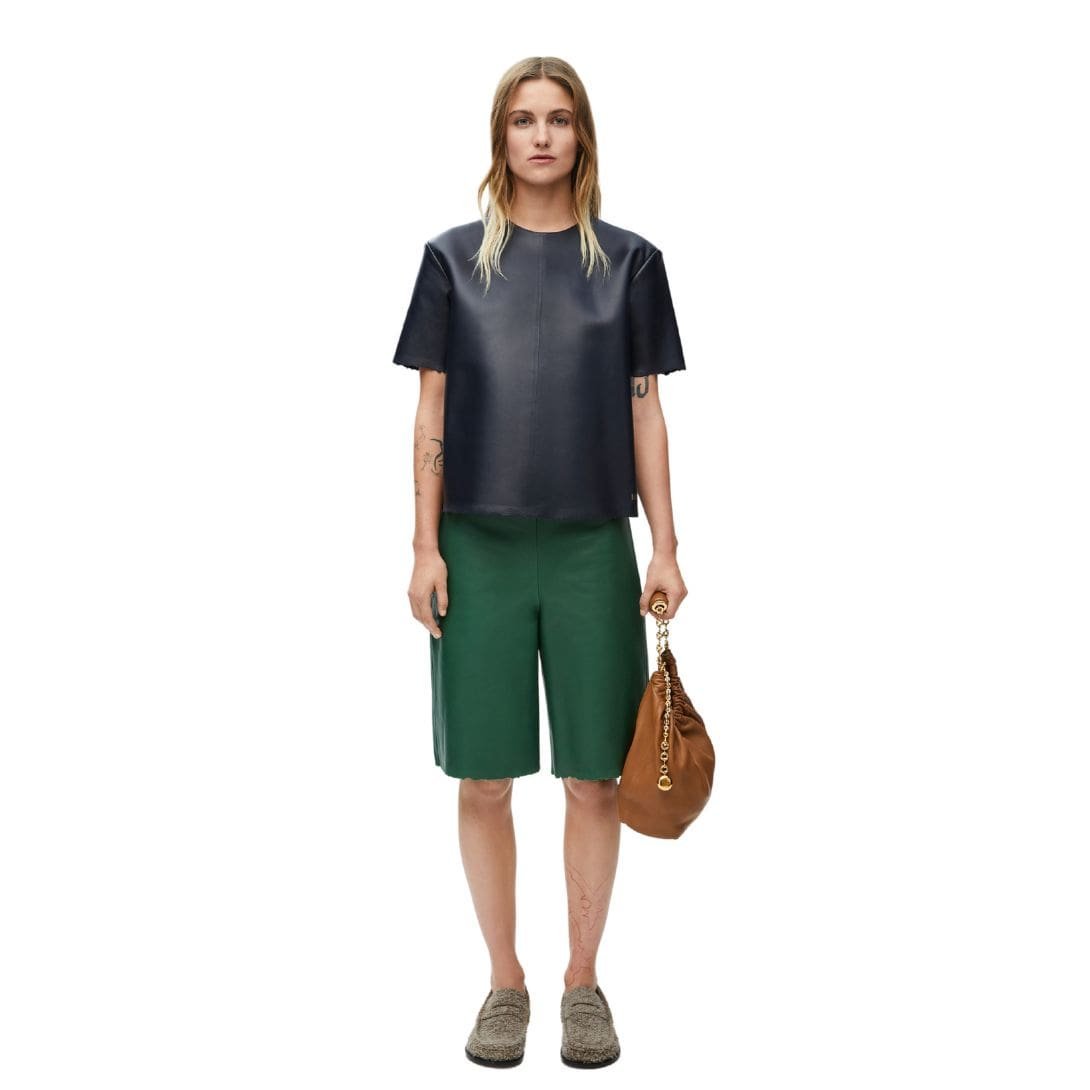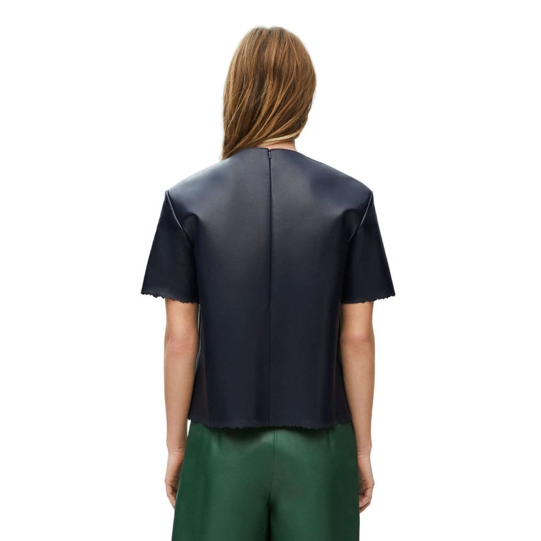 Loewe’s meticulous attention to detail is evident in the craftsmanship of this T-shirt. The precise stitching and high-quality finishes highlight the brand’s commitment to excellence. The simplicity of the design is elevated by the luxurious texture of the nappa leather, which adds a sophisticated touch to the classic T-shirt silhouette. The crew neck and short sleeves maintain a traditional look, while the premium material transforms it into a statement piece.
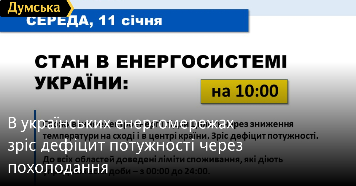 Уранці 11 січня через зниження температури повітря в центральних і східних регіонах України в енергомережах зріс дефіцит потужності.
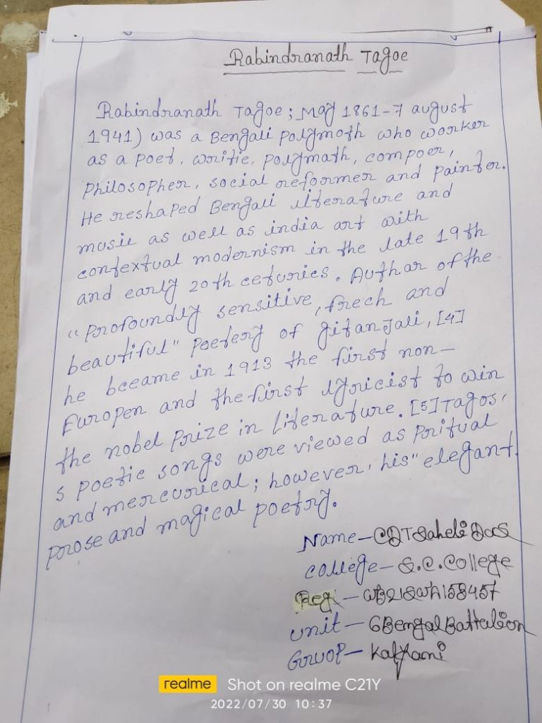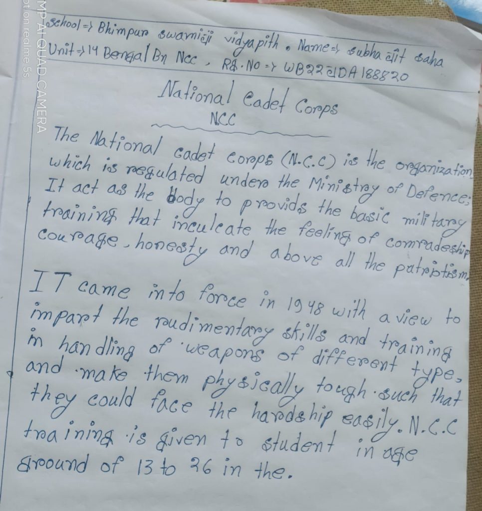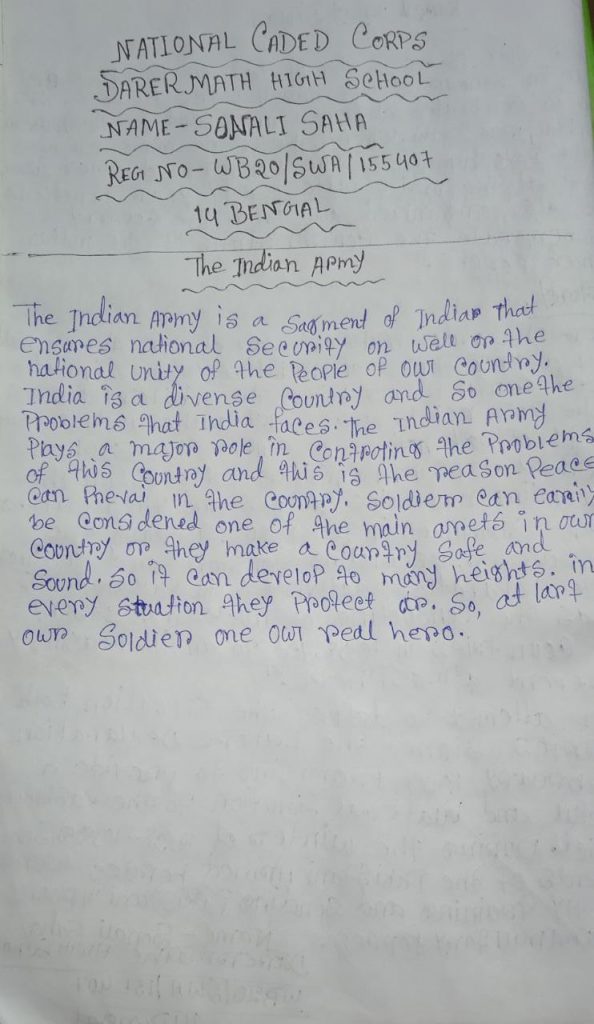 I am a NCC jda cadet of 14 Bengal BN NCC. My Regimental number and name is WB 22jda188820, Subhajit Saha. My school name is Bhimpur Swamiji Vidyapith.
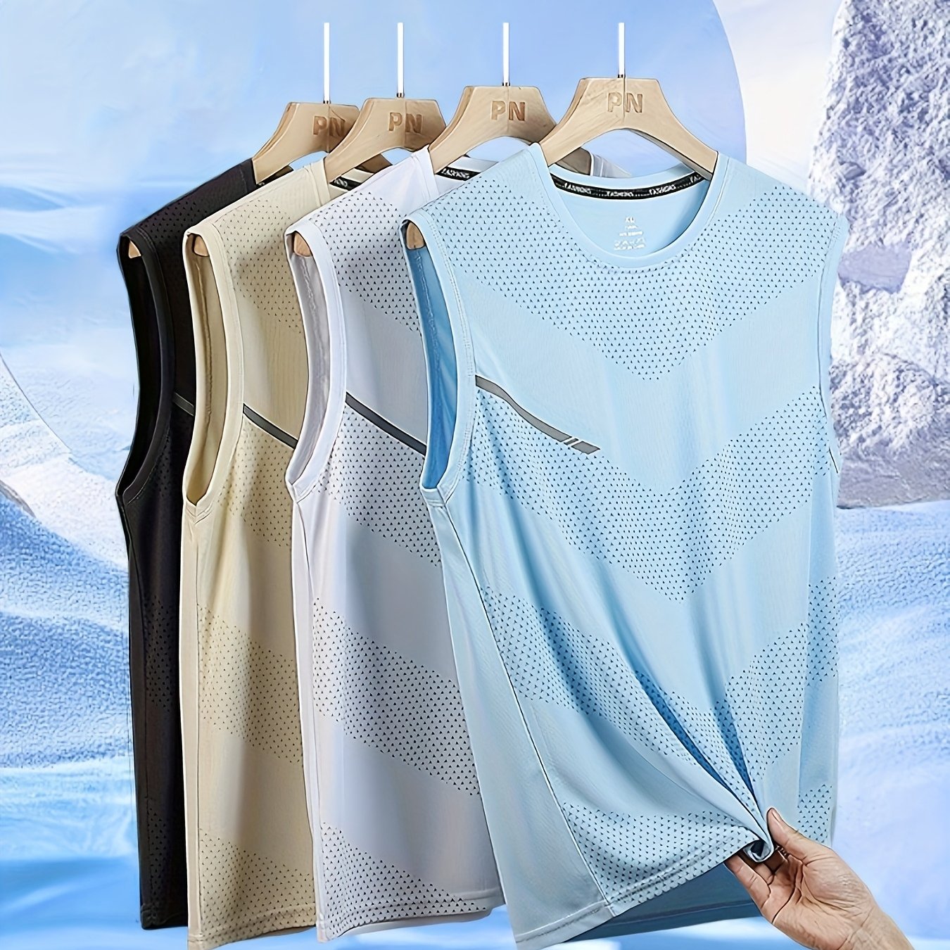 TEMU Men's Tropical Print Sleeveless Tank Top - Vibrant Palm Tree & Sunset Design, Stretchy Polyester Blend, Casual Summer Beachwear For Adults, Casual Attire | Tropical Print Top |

• _Description of the task_: The copy must match the listing above exactly, except that it holds no pictures.

• _Result below_:
 Loewe’s meticulous attention to detail is evident in the craftsmanship of this T-shirt. The precise stitching and high-quality finishes highlight the brand’s commitment to excellence. The simplicity of the design is elevated by the luxurious texture of the nappa leather, which adds a sophisticated touch to the classic T-shirt silhouette. The crew neck and short sleeves maintain a traditional look, while the premium material transforms it into a statement piece.
 Уранці 11 січня через зниження температури повітря в центральних і східних регіонах України в енергомережах зріс дефіцит потужності.
 I am a NCC jda cadet of 14 Bengal BN NCC. My Regimental number and name is WB 22jda188820, Subhajit Saha. My school name is Bhimpur Swamiji Vidyapith.
 TEMU Men's Tropical Print Sleeveless Tank Top - Vibrant Palm Tree & Sunset Design, Stretchy Polyester Blend, Casual Summer Beachwear For Adults, Casual Attire | Tropical Print Top |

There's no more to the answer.